Here is a simple example:
I have flow #1 watching for a data file to be dropped on s3. When a file is found it moves the file around and then ultimately drops a message on a kafka queue specific to that data source. Flow #2 is consuming from that kafka queue and runs a series of Hive SQL commands to load the data to necessary tables. I am looking to have the Hive SQL itself sourced from files on the filesystem/git so that the SQL is controlled in our configurations. Now I know I can store the SQL statement(s) in custom properties files that Nifi picks up based on the nifi.variable.registry.properties property (I have that working), however I don't really want to store large SQL commands in Java property files unless I have to. Also those property files appear to only be picked up on Nifi service restart. Therefore the goal is to ingest these SQL configuration files every time the flow runs. This is what I have looked into...

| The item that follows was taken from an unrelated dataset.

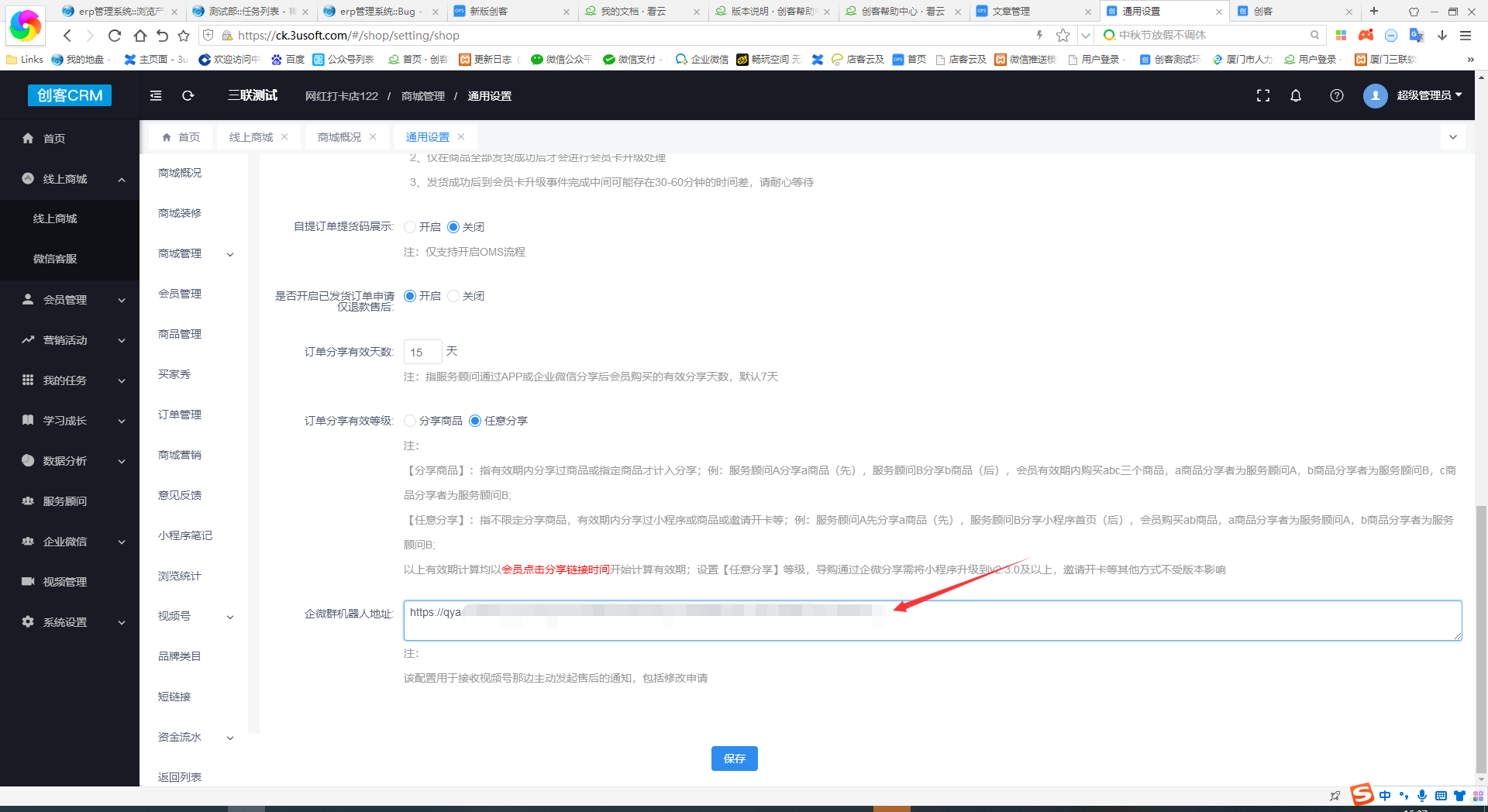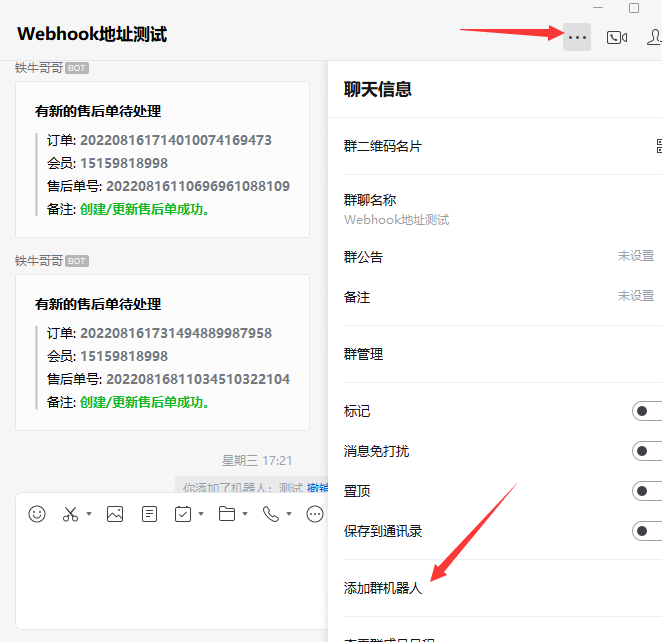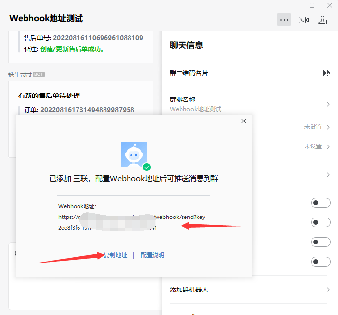 **20,企微群机器人地址**:目前只支持视频号订单,并且需要微信支付才能进行推送,小程序订单或者卡余额支付的订单都不支持

GetFile - My first thought was to use GetFile right after the ConsumeKafka process gets a new message BUT GetFile appears to not allow input connections into it.
ListFile/FetchFile - My second thought was to use ListFile/FetchFile but it appears that ListFile only picks up newly modified files and therefore the flow could pull in the configuration files the first run but then all subsequent runs would fail as the file would not be modified. Also similarly to the GetFile processor it appears you can not have an input link to the ListFile Processor.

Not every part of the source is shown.